TASK DIRECTIONS:
Using the entries below, write out the line with "今天的获客手段越来越多,我也", the line with "٧٦٠ - حَدَّثَنَا", and every line in between, exactly as each is written.

PROVIDED INFORMATION:

* * * * * * * * *

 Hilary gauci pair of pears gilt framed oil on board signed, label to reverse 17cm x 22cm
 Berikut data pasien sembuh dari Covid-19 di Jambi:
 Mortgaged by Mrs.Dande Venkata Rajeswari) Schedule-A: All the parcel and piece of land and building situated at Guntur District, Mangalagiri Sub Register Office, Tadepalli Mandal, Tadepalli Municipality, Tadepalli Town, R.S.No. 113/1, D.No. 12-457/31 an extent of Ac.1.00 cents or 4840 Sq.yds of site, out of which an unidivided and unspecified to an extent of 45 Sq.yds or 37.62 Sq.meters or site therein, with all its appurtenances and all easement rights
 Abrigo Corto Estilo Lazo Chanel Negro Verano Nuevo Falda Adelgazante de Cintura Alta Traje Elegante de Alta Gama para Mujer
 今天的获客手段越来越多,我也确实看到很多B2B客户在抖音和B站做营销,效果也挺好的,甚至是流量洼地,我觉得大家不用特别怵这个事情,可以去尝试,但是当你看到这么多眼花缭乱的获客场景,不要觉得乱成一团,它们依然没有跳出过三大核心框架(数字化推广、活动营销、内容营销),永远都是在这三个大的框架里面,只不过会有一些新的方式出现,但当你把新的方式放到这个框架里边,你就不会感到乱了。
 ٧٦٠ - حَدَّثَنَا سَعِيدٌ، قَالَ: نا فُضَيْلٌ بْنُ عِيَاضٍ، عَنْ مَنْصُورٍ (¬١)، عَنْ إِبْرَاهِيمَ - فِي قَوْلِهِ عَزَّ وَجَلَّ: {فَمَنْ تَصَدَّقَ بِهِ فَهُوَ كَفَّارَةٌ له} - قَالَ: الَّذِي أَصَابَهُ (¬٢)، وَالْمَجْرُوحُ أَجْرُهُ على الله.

* * * * * * * * *

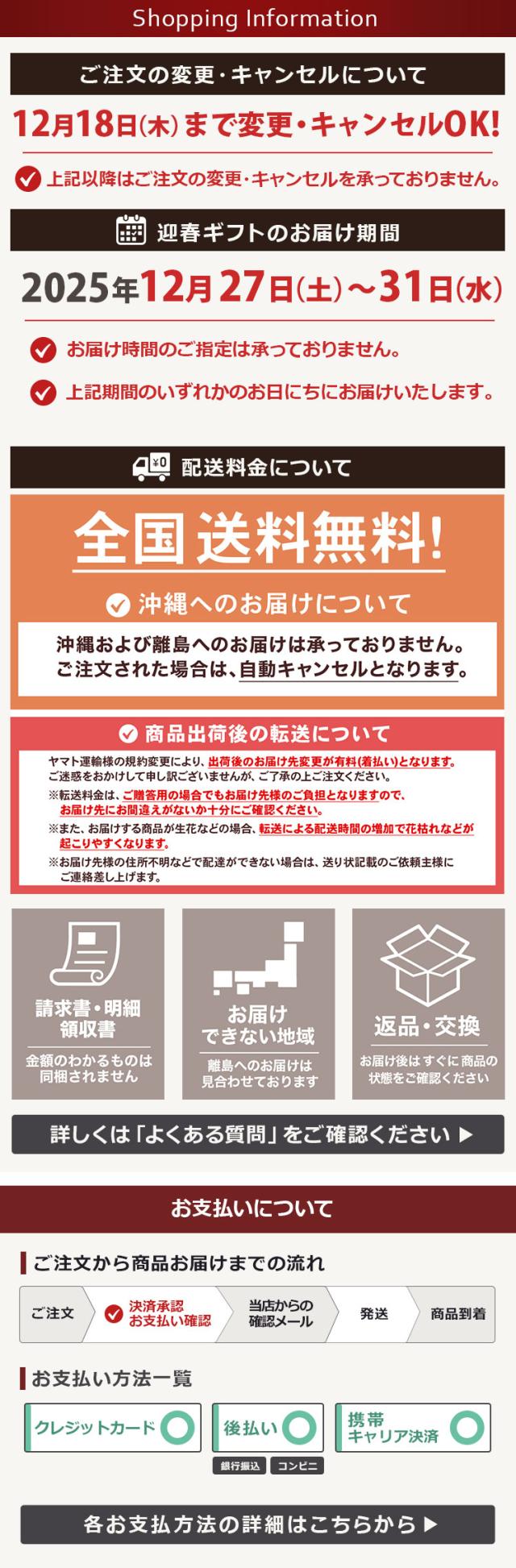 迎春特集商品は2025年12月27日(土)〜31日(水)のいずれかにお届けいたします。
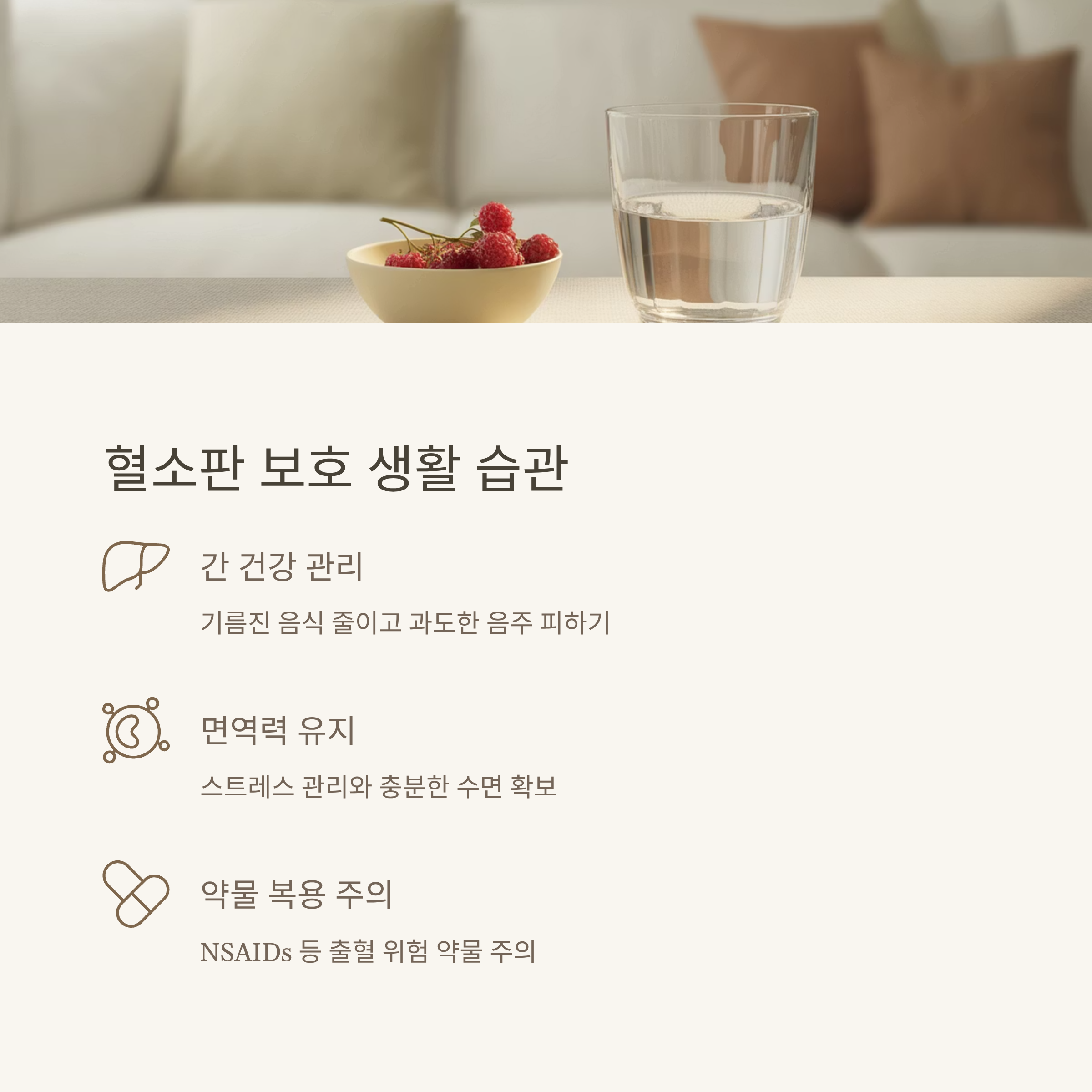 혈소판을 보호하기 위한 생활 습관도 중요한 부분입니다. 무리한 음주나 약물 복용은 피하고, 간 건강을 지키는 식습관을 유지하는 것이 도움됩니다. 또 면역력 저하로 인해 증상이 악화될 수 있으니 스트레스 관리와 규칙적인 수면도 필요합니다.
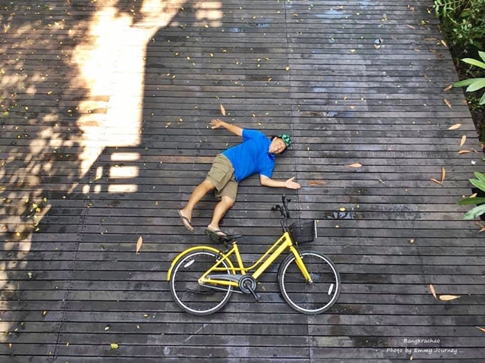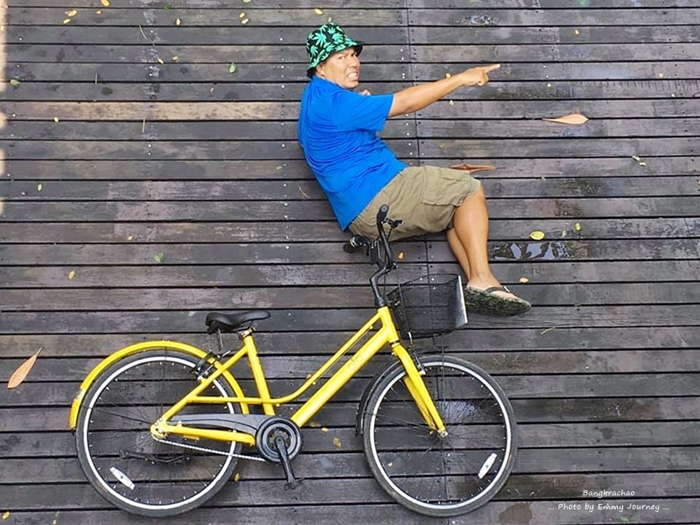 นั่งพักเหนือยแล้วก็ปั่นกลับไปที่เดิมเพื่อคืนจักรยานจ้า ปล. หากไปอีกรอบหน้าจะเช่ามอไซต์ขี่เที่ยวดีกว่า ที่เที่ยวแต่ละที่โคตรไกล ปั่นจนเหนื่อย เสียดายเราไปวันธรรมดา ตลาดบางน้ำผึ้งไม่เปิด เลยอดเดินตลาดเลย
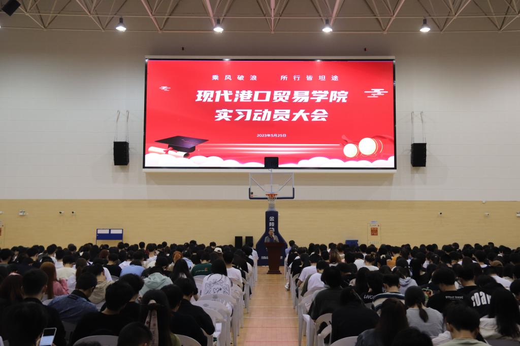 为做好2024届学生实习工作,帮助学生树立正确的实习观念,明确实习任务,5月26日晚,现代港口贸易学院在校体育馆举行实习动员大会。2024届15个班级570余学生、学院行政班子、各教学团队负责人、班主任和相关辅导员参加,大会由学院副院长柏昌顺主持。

* * * * * * * * *

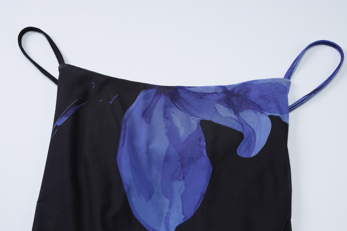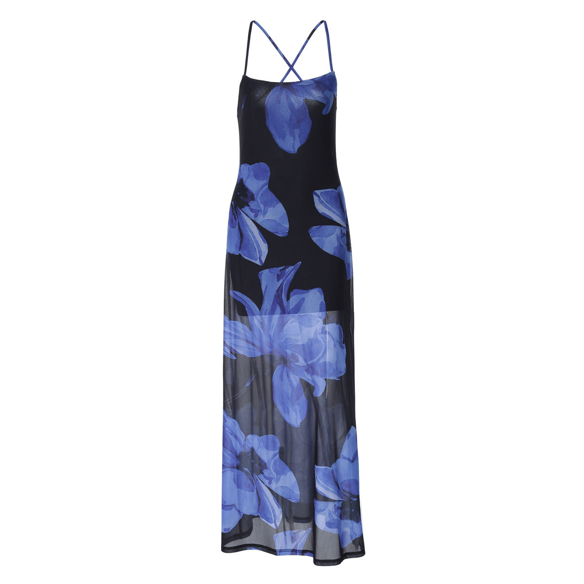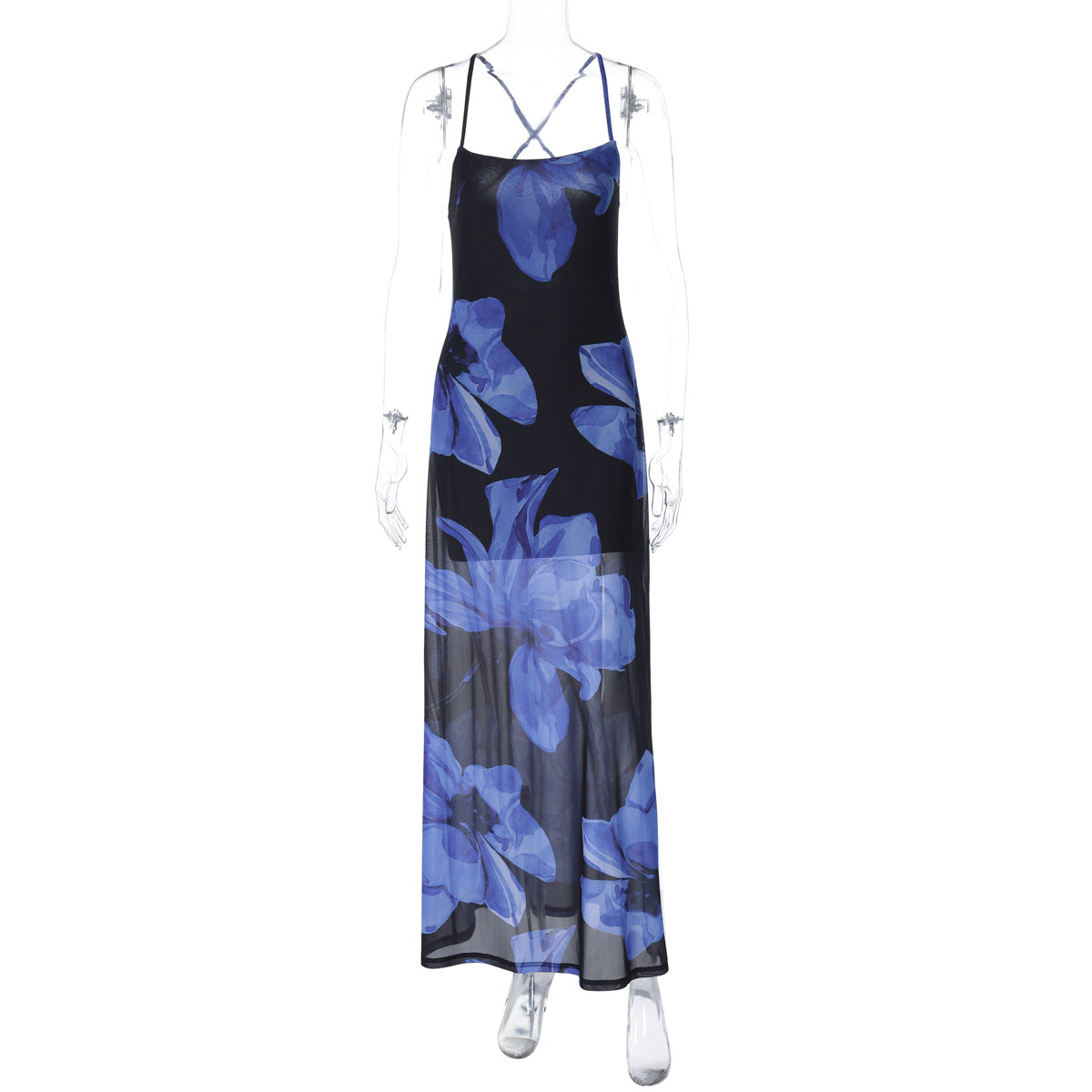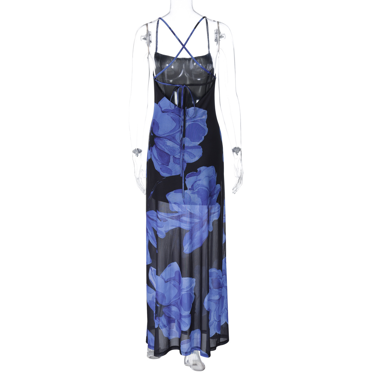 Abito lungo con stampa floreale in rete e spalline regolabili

* * * * * * * * *

WRITTEN ANSWER:
 今天的获客手段越来越多,我也确实看到很多B2B客户在抖音和B站做营销,效果也挺好的,甚至是流量洼地,我觉得大家不用特别怵这个事情,可以去尝试,但是当你看到这么多眼花缭乱的获客场景,不要觉得乱成一团,它们依然没有跳出过三大核心框架(数字化推广、活动营销、内容营销),永远都是在这三个大的框架里面,只不过会有一些新的方式出现,但当你把新的方式放到这个框架里边,你就不会感到乱了。
 ٧٦٠ - حَدَّثَنَا سَعِيدٌ، قَالَ: نا فُضَيْلٌ بْنُ عِيَاضٍ، عَنْ مَنْصُورٍ (¬١)، عَنْ إِبْرَاهِيمَ - فِي قَوْلِهِ عَزَّ وَجَلَّ: {فَمَنْ تَصَدَّقَ بِهِ فَهُوَ كَفَّارَةٌ له} - قَالَ: الَّذِي أَصَابَهُ (¬٢)، وَالْمَجْرُوحُ أَجْرُهُ على الله.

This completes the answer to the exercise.